VENTURE, TARGET IN FASHION FACE-OFF

Byline: Holly Haber

IRVING, Tex.--Keen competitors Target and Venture are clearly attempting to deliver fashion trends inexpensively. Visits to the stores revealed that for spring and summer, they are sticking to casual weekend wear and capping prices at $30.
Both stores here, separated by only a few thousand feet in this area of massive retail development, had stocked up on shorts, twill pants, jeans, sleeveless tops, embellished vests, crinkled skirts and printed rompers. They carried a sizable selection of denim shorts at $15 to $20.
Despite similarities, the merchandising at the two discount chains revealed different approaches.
Target seemed intent on using its private labels to deliver clean contemporary looks in natural fibers--delving deeply into such key looks as neutral-hued knit and woven separates. Its own labels appeared to comprise more than half the stock.

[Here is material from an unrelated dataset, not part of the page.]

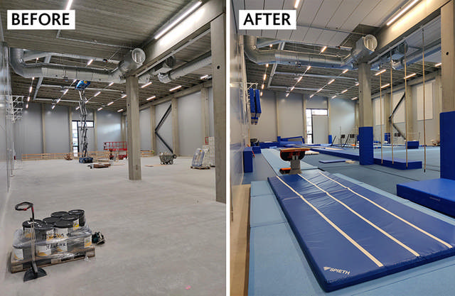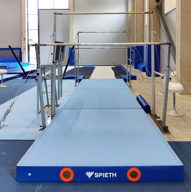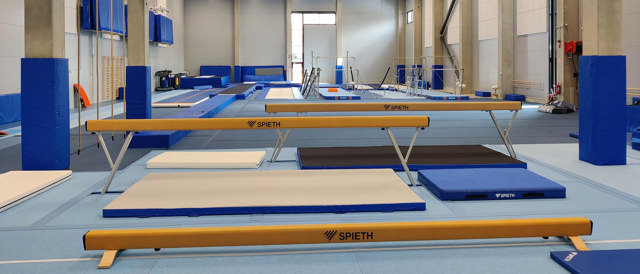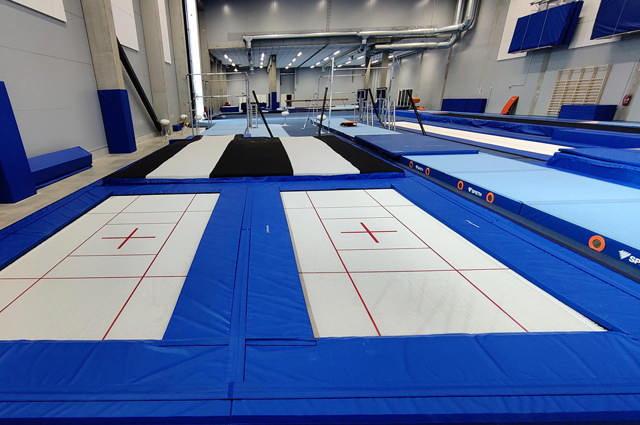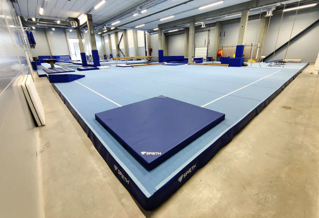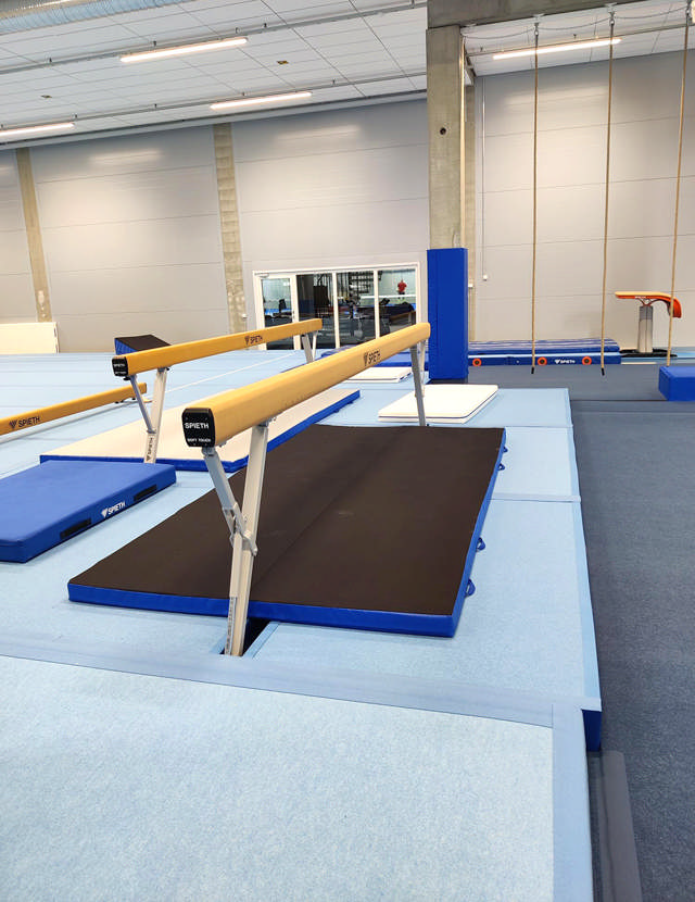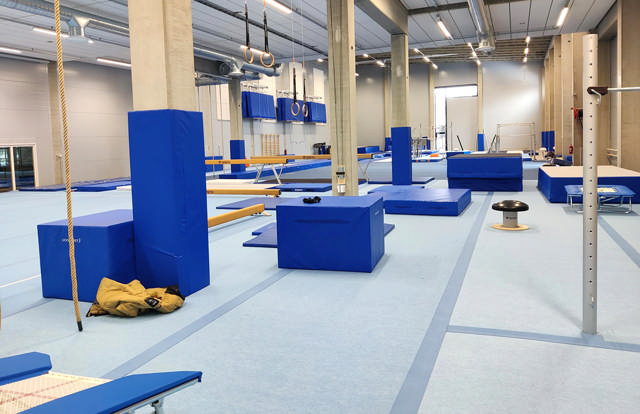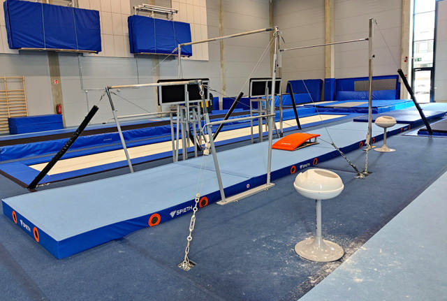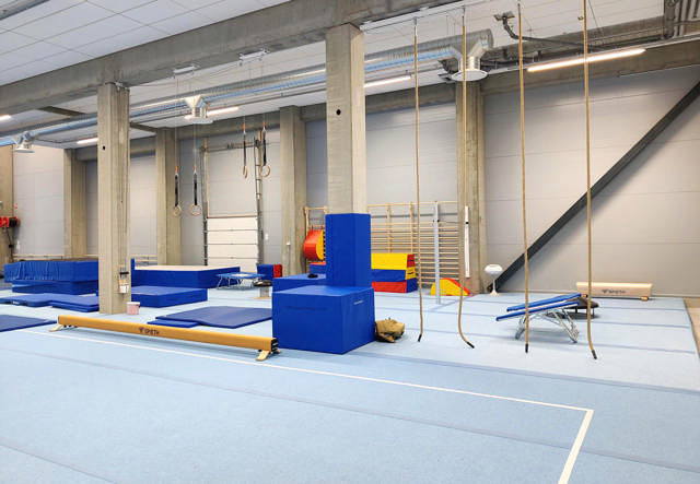 Hallen har komplett tävlingsutrustning för trupp- och artistisk gymnastik.Här finns tumblinggolv, stora landningsgropar och en hydrauliskt höjdjusterbar grop, vilket möjliggör säker daglig träning för alla typer av användare och grupper. Förutom Unisports egna produkter och lösningar installerades också högkvalitativ utrustning från Spieth.

"We have our own trend department that travels the globe researching and predicting trends in apparel and home furnishings," said Joyce Harris, a spokeswoman for Target in Minneapolis. In the last year, she said, the store has gone from "more Gap-like basics" to more trendy merchandise.
"We're all about giving people designer-looking things at affordable prices," she said.
Target officials declined to discuss the performance of the women's apparel business.
Target still looked a little like The Gap, with comfortably spaced displays of current commodity styles made chiefly of cotton, silk, linen and rayon. Signs atop racks had color photographs of models wearing suggested ensembles, with prices indicated by curving black arrows pointing to the respective pieces.
Target is obviously putting a lot of effort behind its Sostanza contemporary apparel label. Silk and cotton knit vests with interlaced ribbon trim and wood buttons, for example, were $15.99. Cotton thermal tank tops and bike shorts in solid black, forest, magenta and natural were $8.99 each. And mandarin-collar sleeveless silk shirts in solid colors were $14.99.
Most Sostanza styles were offered in a muted palette of solid colors, including natural, black, ochre, forest, burgundy, navy, magenta and blue. The occasional bright was a splash of yellow or red.
Denim dominated the front of the women's department, with a display of Sostanza short overalls in solid and striped shades of faded indigo, black and white for $21.99.
Target's other labels also looked updated. Its traditional misses' line, called Honors, offered a black and tan checked cotton knit boxy cardigan with loop buttonholes for $29.99 that looked like a Joan Vass knockoff. It was paired with a black cotton knit short skirt for $15.99.
Among Target's trendier looks were racing-striped shorts at $9.99 and matching sleeveless, hooded tops at $11.99 in red, white and black cotton and spandex under the brand Pro Spirit.
Venture, in contrast, offered a broader selection, including louder looks, more bright prints and embellishment. It seemed less intent on designer knockoffs, hitting some popular trends, including crinkled skirts, but ignoring others, such as athletic-inspired styles. Venture also carried more national brands than Target, especially Sasson and No Excuses.
Liz Levin, senior vice president and general merchandise manager for women's apparel and jewelry for Venture in O'Fallon, Mo., said the company wants to be first among discounters who have "the latest fashion looks."
To do that, Venture has gone to manufacturers Levin described as "major suppliers for specialty and department stores, so we always know what is selling in these markets."
She declined to reveal the store's business plan, but said, "We anticipate a very good apparel year."
Big fabric trends for fall, she noted, will include flannel, fleece, corduroy, thermal, ribs and velvet, as well as "denim and more denim."
Venture's women's sportswear department made a weak first impression because it was fronted by garishly printed T-shirts, and merchandise was jammed onto racks that stood close together.
Inside, however, was a big array of merchandise under a lot of labels, including Sasson Passport, No Excuses, Kikomo, Chic, Memphis, True Blue, Tangibles, Energie by Currants, Zoomers and Zanee. There were racks crammed with shorts, pants and crinkle skirts.
Venture also had a substantial stock of private label goods, including Headliners basic printed T-shirts and matching bottoms, Jessica Stevens brightly printed camp shirts and babydoll dresses and Ivy Club Classics, which offered embroidered patchwork vests in bright colors for $16.99, among other things.
Venture had a lot more printed denim than Target. Its short overalls by Ivy Club Classics, for example, were a patchwork of solid blue with a floral print in white, blue and green for $19.99. Many of its shorts sported bright floral prints and stripes or were accented with floral embroidery and trimmed cuffs.